DIRECTIONS FOR THIS TASK
What is needed is the exact text of each line in the listing below from the one with "This document discusses" up to and including the one with "6月24日,一分公司黨支部書", and no pictures.

TASK DATA
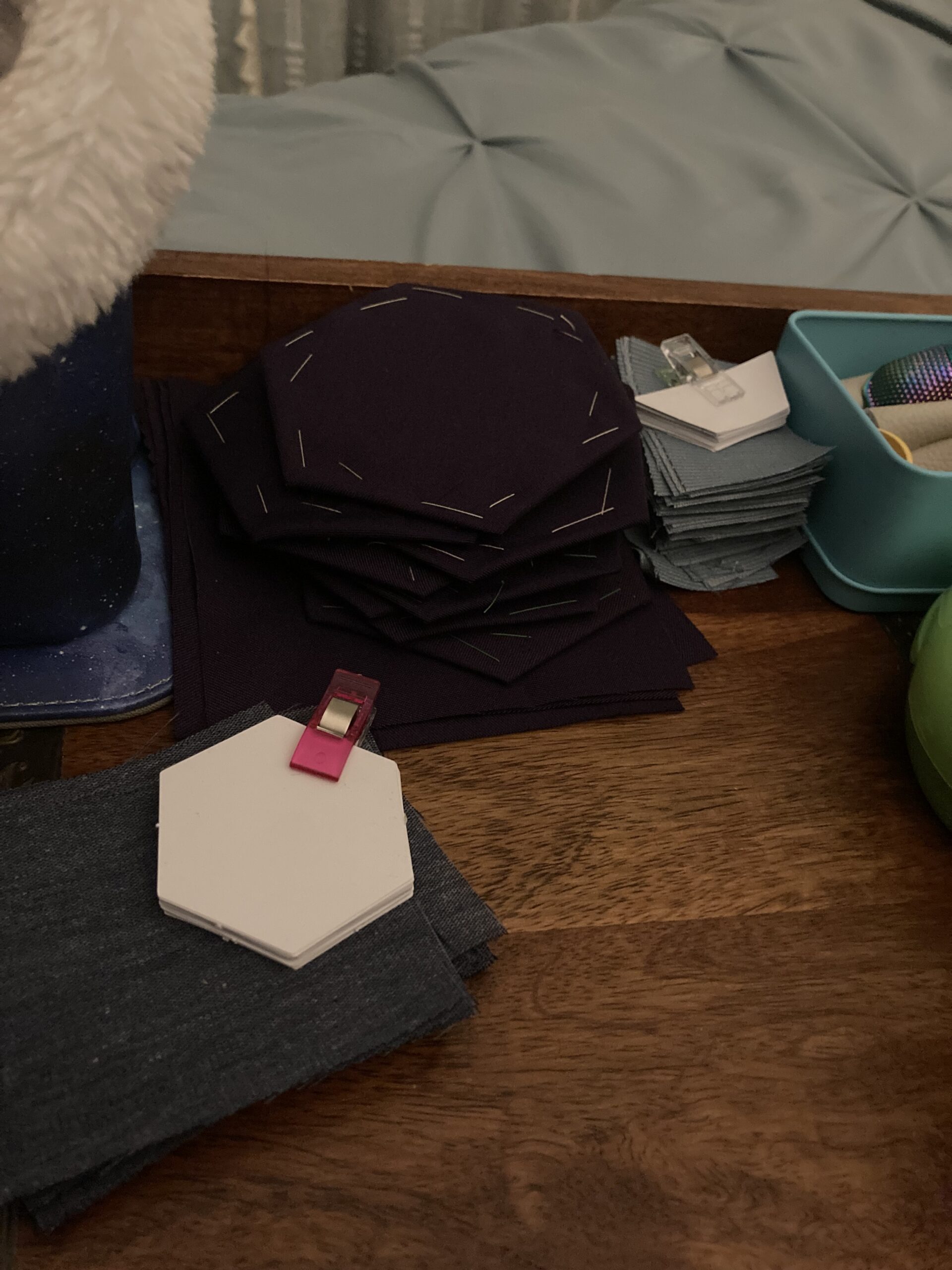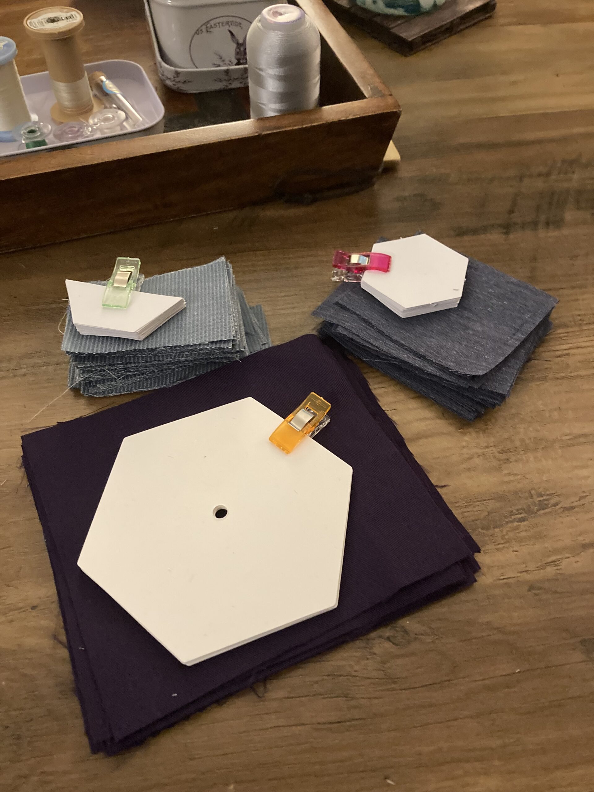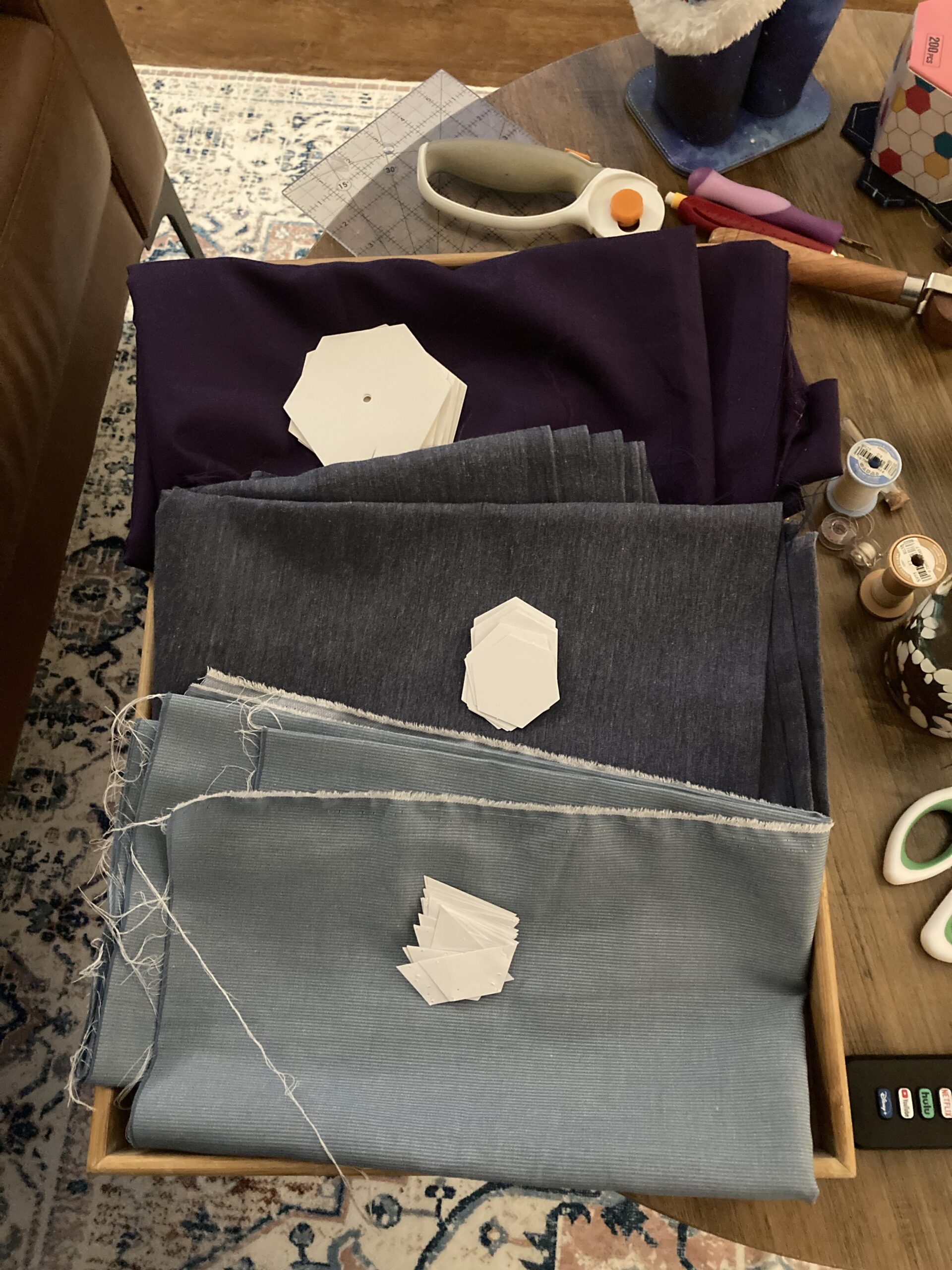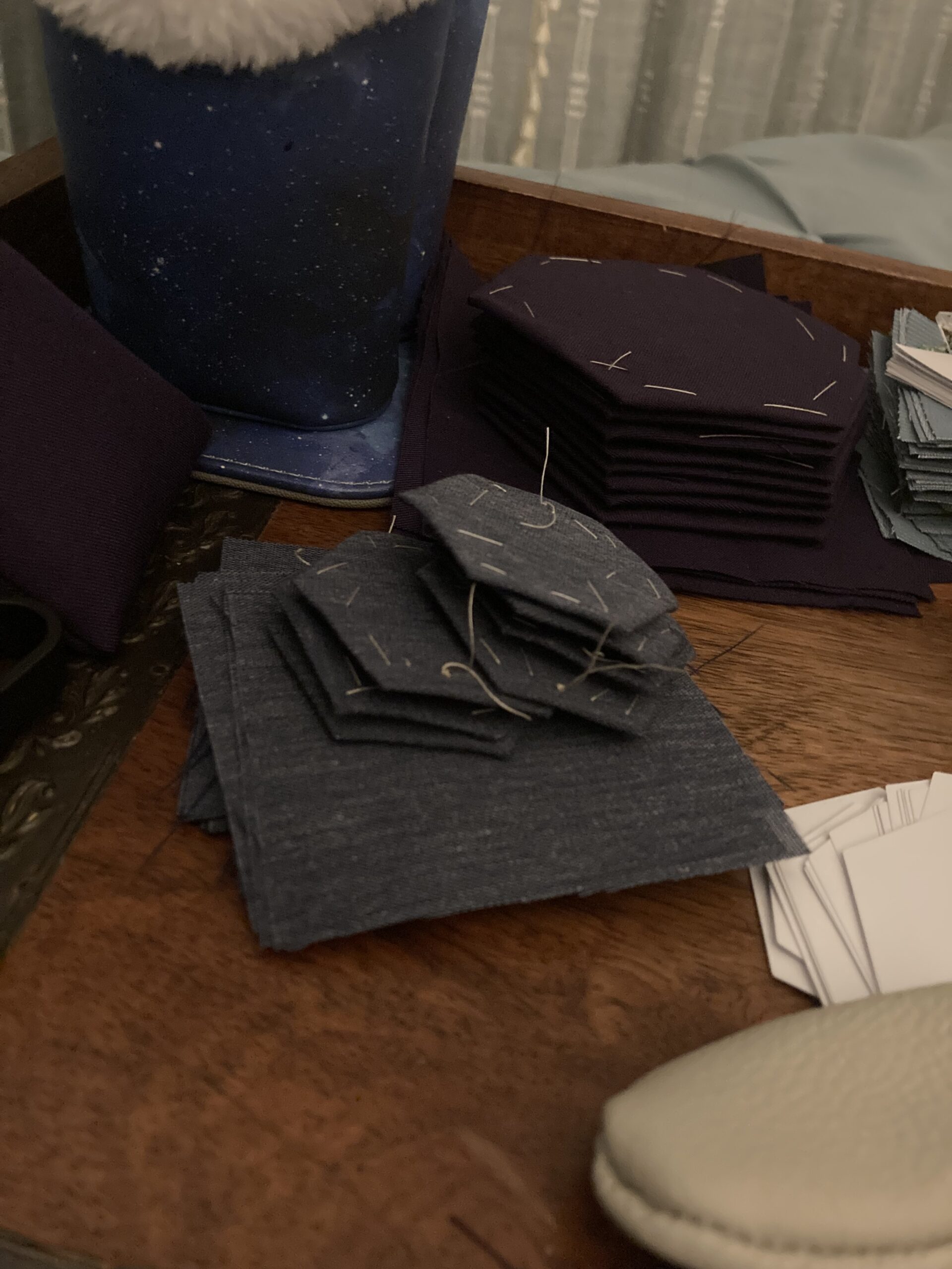 This is my first EPP project, so rather than break my brain immediately, I’ve stuck with two sizes of hexagons and half hexies of the smaller size to marry them. I’ve also paired each fabric with a specific shape to focus on the tessellation.
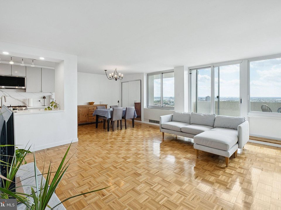 Beautifully updated two bedroom with a private balcony boasting see-forever southern city views on a high floor of Hopkinson House. This sun-soaked residence boasts fully upgraded kitchen and bathrooms, spectacular views spanning all the way from the Delaware River over southern Philadelphia to Center City, and parquet wood floors throughout. Enter into a welcoming foyer with a large coat closet and adjacent walk-in closet with dryer and additional storage space. Past the foyer is the bright and airy great room with a wall of south-facing windows, open living room, separate open dining space with wall closet, and sleek contemporary kitchen. The living room enjoys access to the private balcony, perfect for enjoying a morning cup of coffee and watching the sunrise over the river. The modern kitchen features flat panel cabinetry, quartz countertops and backsplash, stainless steel sink with garbage disposal, large island with waterfall countertop, tile floor, Bosch washer, and LG stainless steel appliances. The spacious primary bedroom boasts sunset views over the city skyline, excellent closet space, and an updated ensuite half bathroom with modern vanity and upgraded tile floor. The generously sized second bedroom has large windows with views of southern Philly and the skyline, as well as excellent closet space. Both bedrooms enjoy use of a full hall bathroom with modern white vanity, tub shower, and designer tilework throughout. There is upgraded lighting and excellent storage space throughout. Residents of Hopkinson House enjoy a 24-hour doorman and on-site management. There is a seasonal rooftop pool with see-forever city views and valet parking in the building for an additional fee, subject to availability. Hopkinson House is in close proximity to many of the city's historic and cultural sites, some of the city's best shopping and dining and provides easy access to the Broad Street and Market Street office corridors, as well as 676, 95, Amtrak's 30th Street Station and the Philadelphia International Airport.
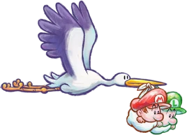 The Stork was carrying Mario and Luigi to deliver the babies to their homes. Kamek seized Baby Luigi and the stork but bungled Mario. Yoshi and his travel companions work together to help Mario save Luigi and the stork while Toadies attempted to chase them.[1] After the defeat of Baby Bowser, Mario reunited with Luigi and Yoshi freed the stork. The stork continued carrying Mario and Luigi to the parents' home and leaves Mario and Luigi by the porch.
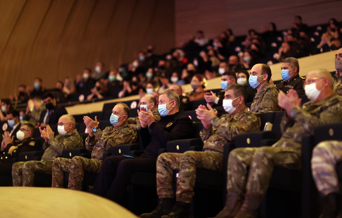 Başkent Bakü'de Azerbaycan Savunma Bakanı Zakir Hasanov ve diğer yetkililer tarafından karşılanan Akar ve komutanlar, havalimanından Haydar Aliyev Kültür Merkezi'ne geçerek '8 Kasım Zafer Günü' nedeniyle düzenlenen kutlama programına katıldı. Saygı duruşunda bulunulması ve iki ülke ulusal marşlarının okunmasıyla başlayan törende konuşan Akar, 'can gardaşlar' ifadesini kullanarak söze başladı.
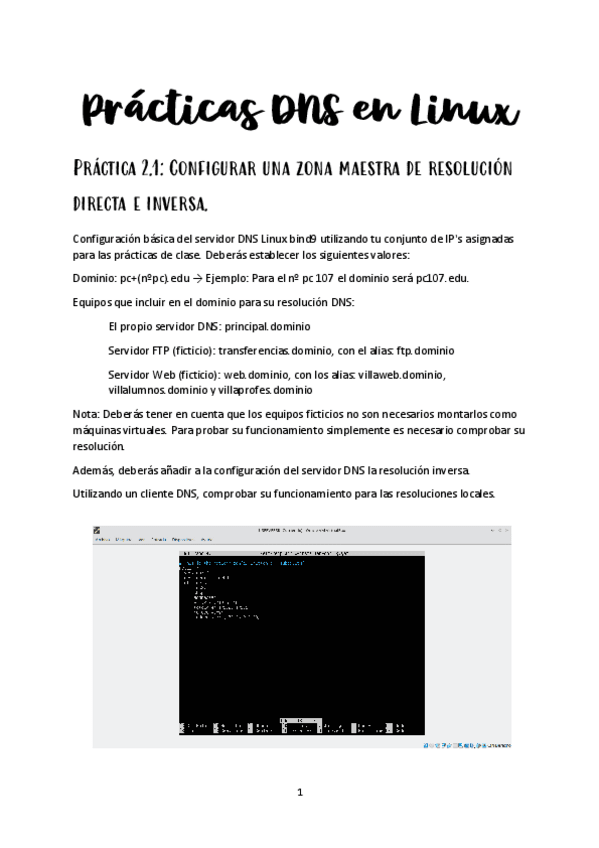He publicado nuevos ejercicios de Servicios en red: Practica36instalacionDNSLinuxRebecayDario.pdf
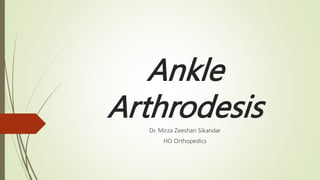 This document discusses ankle arthrodesis, which refers to the surgical fusion of bones in the ankle joint. The diseased cartilage is removed, the bone ends are cut off and fused together with internal fixation to relieve pain while restricting joint movement. Ankle arthrodesis is commonly performed for end-stage ankle arthritis. There are different types including subtalar, pantalar, and triple arthrodesis, which fuse different ankle and foot joints. Complications can include nonunion, nerve injuries, and adjacent hindfoot arthritis. Total ankle replacement is an alternative but ankle arthrodesis remains the preferred treatment for ankle arthritis.
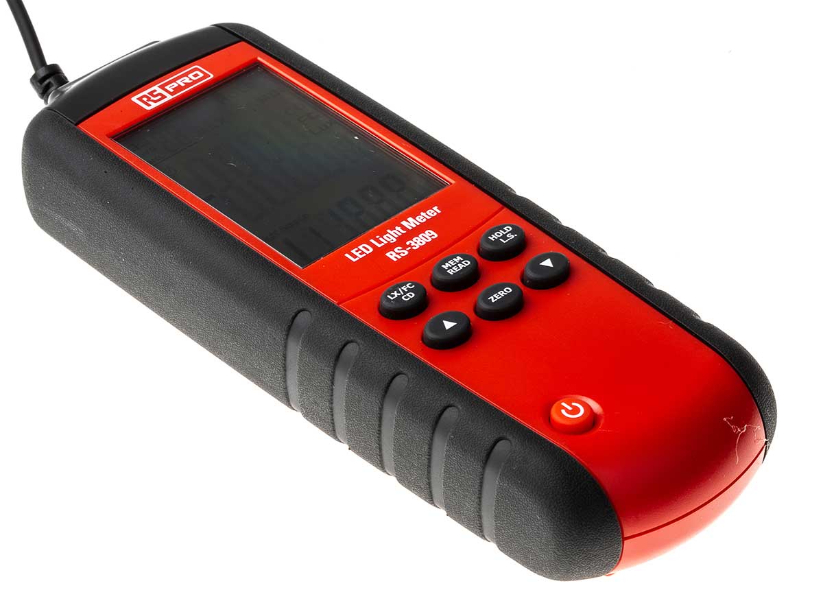 This is Light Meter 400000lx manufactured by RS Pro. The manufacturer part number is 146-9083. In addition, it is offered with ±3 % best accuracy . These sensors are sort of silicon photo diode. The typical product's weight is 250g. It has a minimum light level of 40lx . Whereas, the maximum light level of the product is 400000lx . While it has rs-3809 of model number. In addition, the height is 28mm. Moreover, the product gets power from battery. Furthermore, the product is 63mm wide. Its accurate length is 162mm. This 9v battery is comparatively much efficient than common batteries.
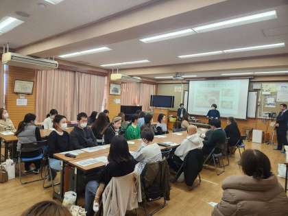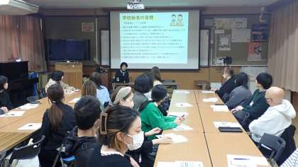 PTA副会長、学校長からのあいさつがあり、その後、栄養教諭から京都市の小学校給食についての説明をしました。内容は、第1回と同じで「安心・安全な給食についての取組」や「望ましい食習慣の形成に向けた取組」、「和食推進の取組」などについてです。
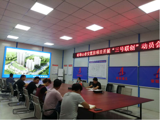 6月24日,一分公司黨支部書記倪海霞帶領機關人員赴蚌埠山香安置房項目,召開“三號聯創”動員會。
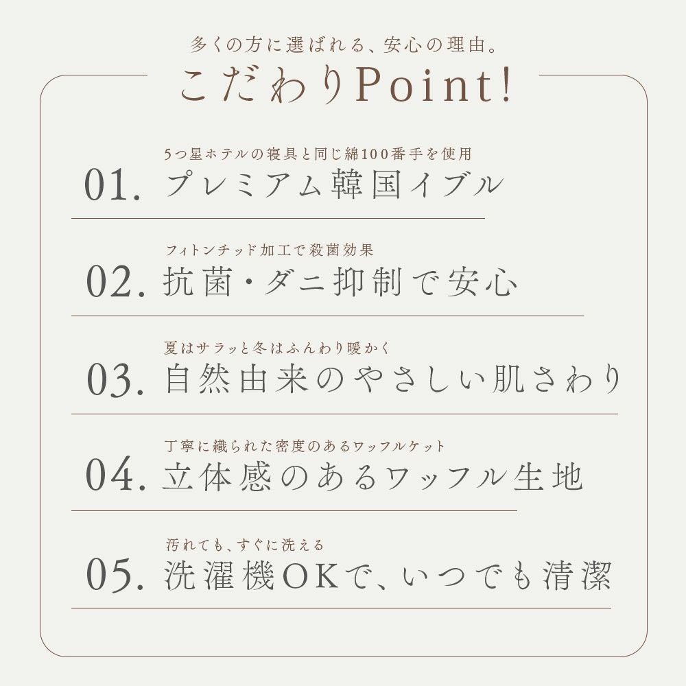 他の画像を見る ワッフル織の凸凹感が気持ちいい。無地でシンプルなデザインだから、どんなインテリアにも馴染みやすい!夏は冷房対策や、冬はひざ掛けとしても一年中使えます。 ワッフルケット Sサイズ/75×95cm 通常価格 ¥ 3,960 のところ 直販価格 ¥ 3,762 税込 詳細を見る お気に入りに登録する
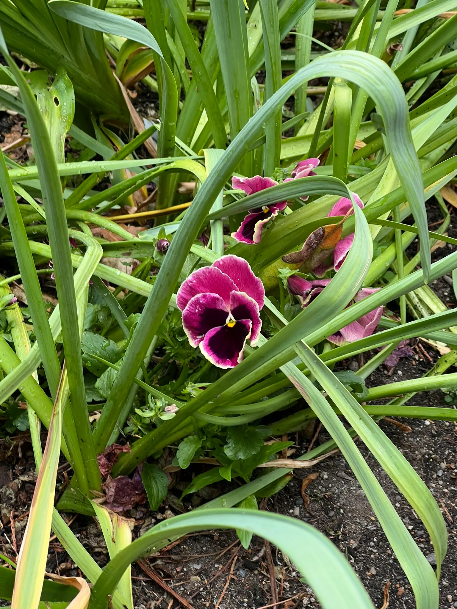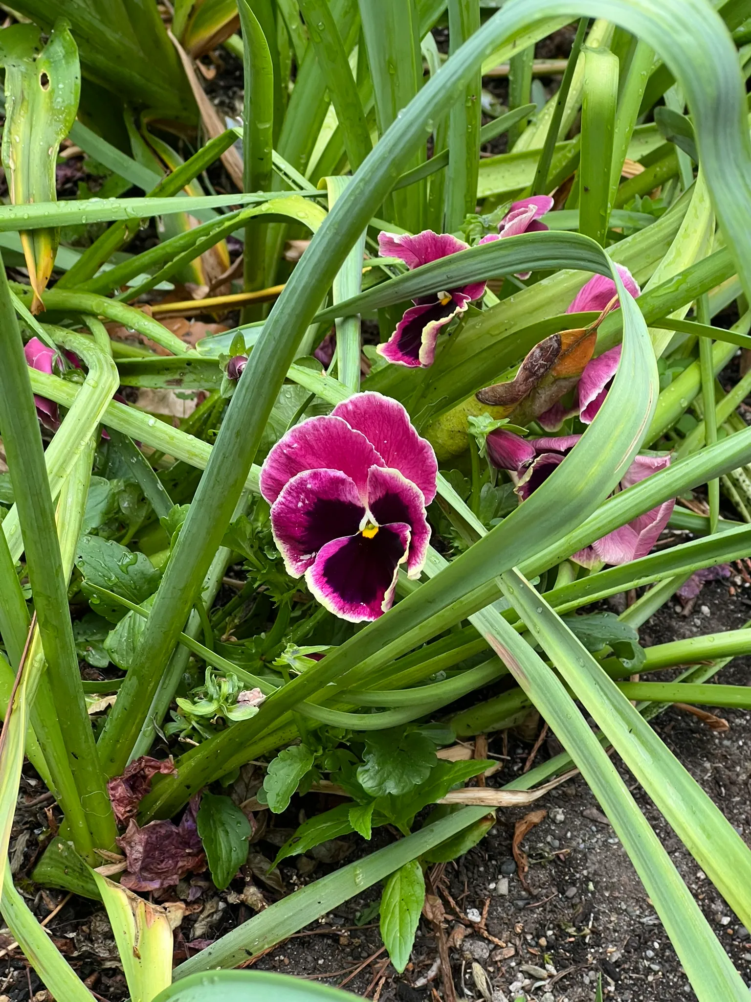Plant in full sun to partial shade in moist, well-drained, moderately fertile soil. In Pacific Northwest gardens, plant autumn-established pansies September through October for the longest winter-to-spring display; plant spring pansies as soon as the soil can be worked, February through March. Water regularly and fertilize every two to three weeks with a balanced liquid fertilizer during active growth. Deadhead spent flowers frequently to prolong blooming. Replace plants when summer heat causes stem elongation and reduced flowering — typically June in warmer Pacific Northwest locations. Slugs can be damaging to young plants in the Pacific Northwest autumn.Pruning

YOUR SOLUTION
 This document discusses ankle arthrodesis, which refers to the surgical fusion of bones in the ankle joint. The diseased cartilage is removed, the bone ends are cut off and fused together with internal fixation to relieve pain while restricting joint movement. Ankle arthrodesis is commonly performed for end-stage ankle arthritis. There are different types including subtalar, pantalar, and triple arthrodesis, which fuse different ankle and foot joints. Complications can include nonunion, nerve injuries, and adjacent hindfoot arthritis. Total ankle replacement is an alternative but ankle arthrodesis remains the preferred treatment for ankle arthritis.
 This is Light Meter 400000lx manufactured by RS Pro. The manufacturer part number is 146-9083. In addition, it is offered with ±3 % best accuracy . These sensors are sort of silicon photo diode. The typical product's weight is 250g. It has a minimum light level of 40lx . Whereas, the maximum light level of the product is 400000lx . While it has rs-3809 of model number. In addition, the height is 28mm. Moreover, the product gets power from battery. Furthermore, the product is 63mm wide. Its accurate length is 162mm. This 9v battery is comparatively much efficient than common batteries.
 PTA副会長、学校長からのあいさつがあり、その後、栄養教諭から京都市の小学校給食についての説明をしました。内容は、第1回と同じで「安心・安全な給食についての取組」や「望ましい食習慣の形成に向けた取組」、「和食推進の取組」などについてです。
 6月24日,一分公司黨支部書記倪海霞帶領機關人員赴蚌埠山香安置房項目,召開“三號聯創”動員會。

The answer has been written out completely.